▶ **Work request**
In the entries below, find the lines with the word "Buffer" and copy them.

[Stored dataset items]
• • • •
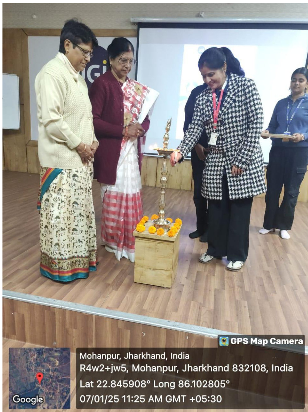
Figure 1: Lightening of the Lamp
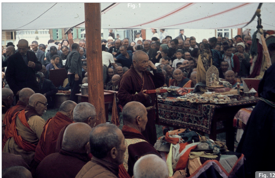
Buryat monks during the summer festival of the future Buddha Maitreya (Bur., Maidar khural ), Ivolginskiy Monastery, Buryatiapicture taken on 11 July 1967.
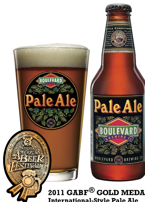
2011 GABF® GOLD MEDAL International-Style Pale Ale
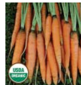
CARROT, Scarlet Nantes ( Daucus carota )
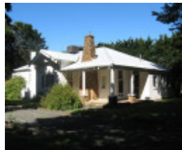
Fiskville manager's residence
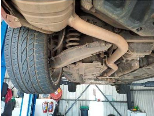
LR TYRE TREAD
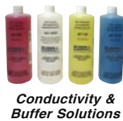
Conductivity & Buffer Solutions

Note: pH 7 Buffer is especially important and should be used every 1-2 weeks.
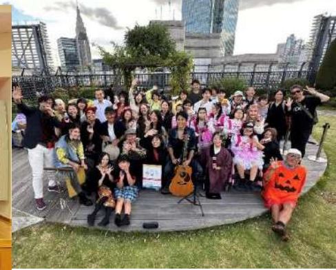
World Singing Day @Tokyo, Japan
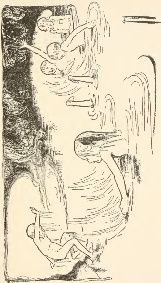
Eddie Grote was in a tight place.
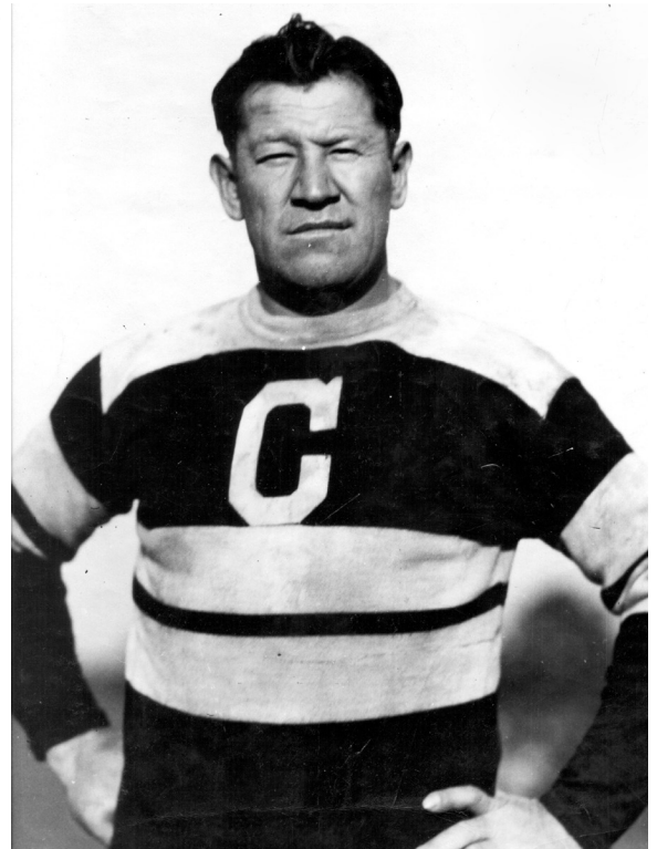
The Legendary Jim Thorpe

While the Bulldogs are no longer around, pro football remembers its early days in Canton, Ohio. Visitors, young and old, enjoy the story of pro football's history in the city where the NFL began!
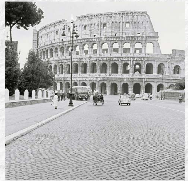
The Roman Colosseum
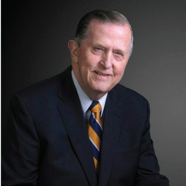
A few photos of MANY donors this fiscal year
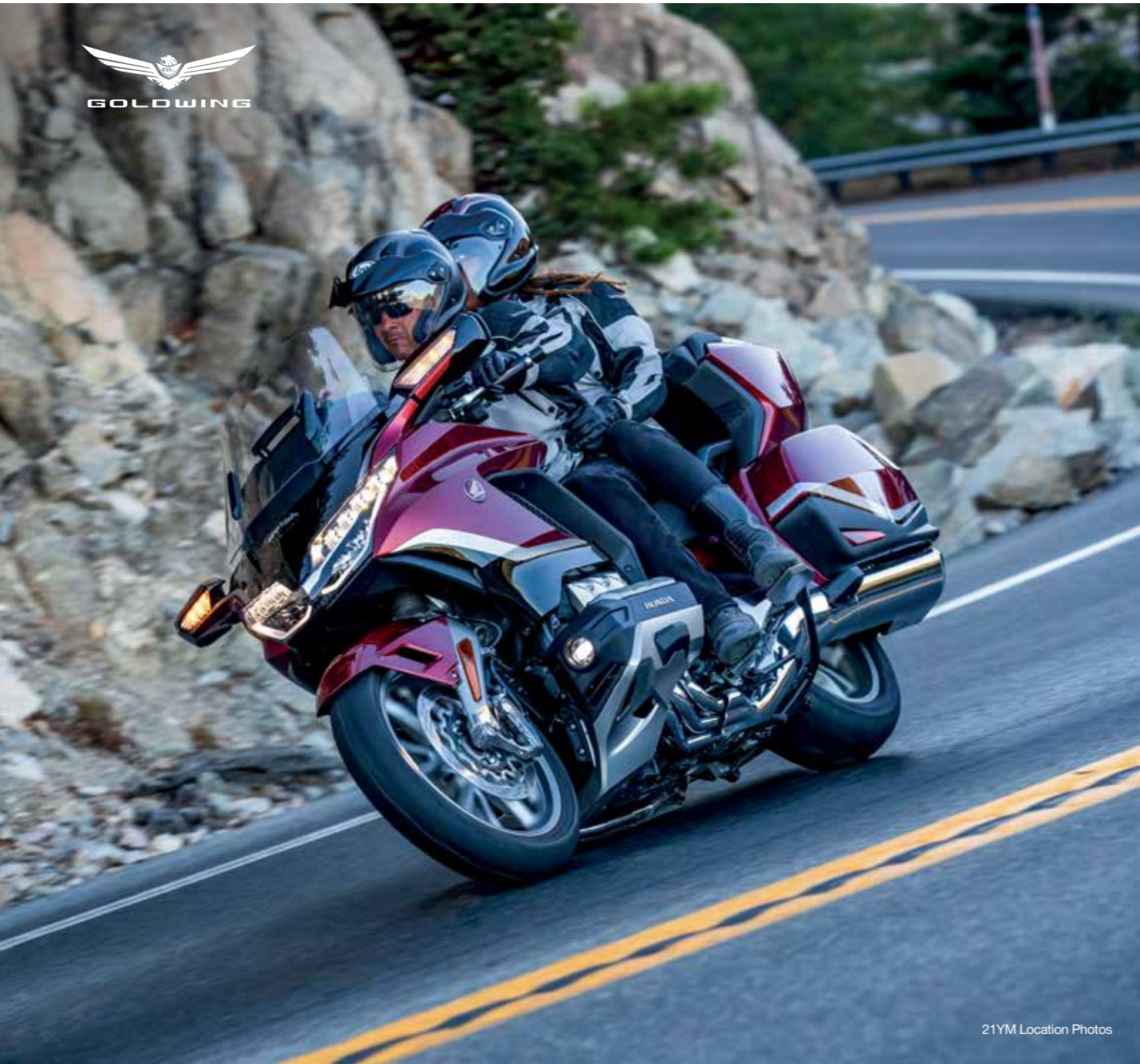
21YM Location Photos
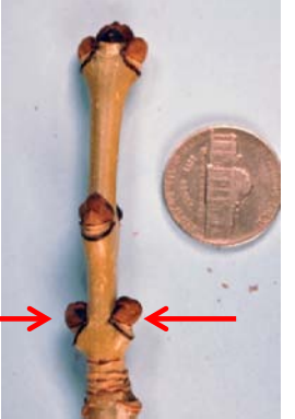
Opposite leaf arrangement

Ashes, Maples, and Buckeyes\ Horsechestnuts
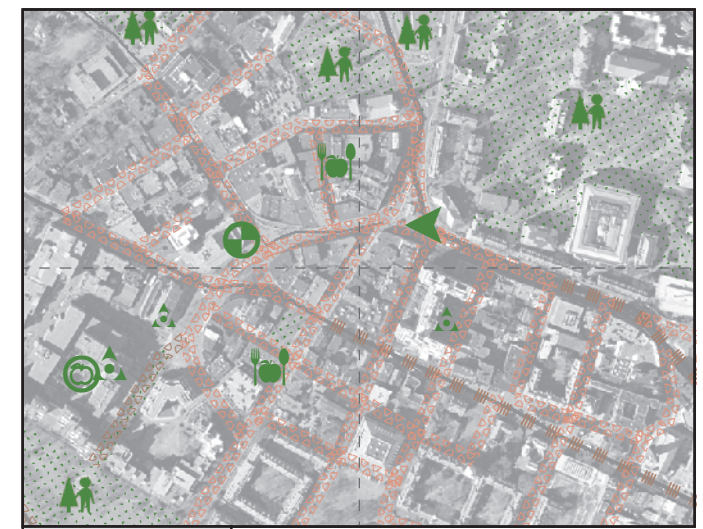
Harvard Square 3x Central Square

For more information about car sharing visit Zipcar.com Learn about creating Backyard Habitats at NWF.org
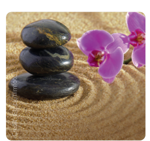
THE TAX BURDEN ON HIGH INCOME
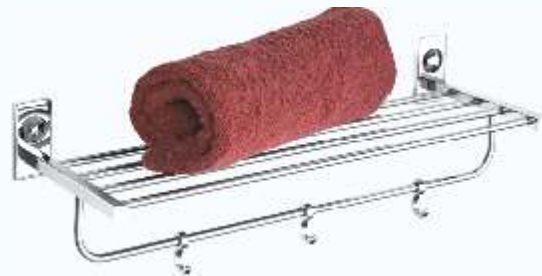
Z1010121 TOWEL RACK ₹ 3003/-
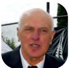
Sir Tamati Reedy
• • • •
▶ **Response below**
Conductivity & Buffer Solutions
Note: pH 7 Buffer is especially important and should be used every 1-2 weeks.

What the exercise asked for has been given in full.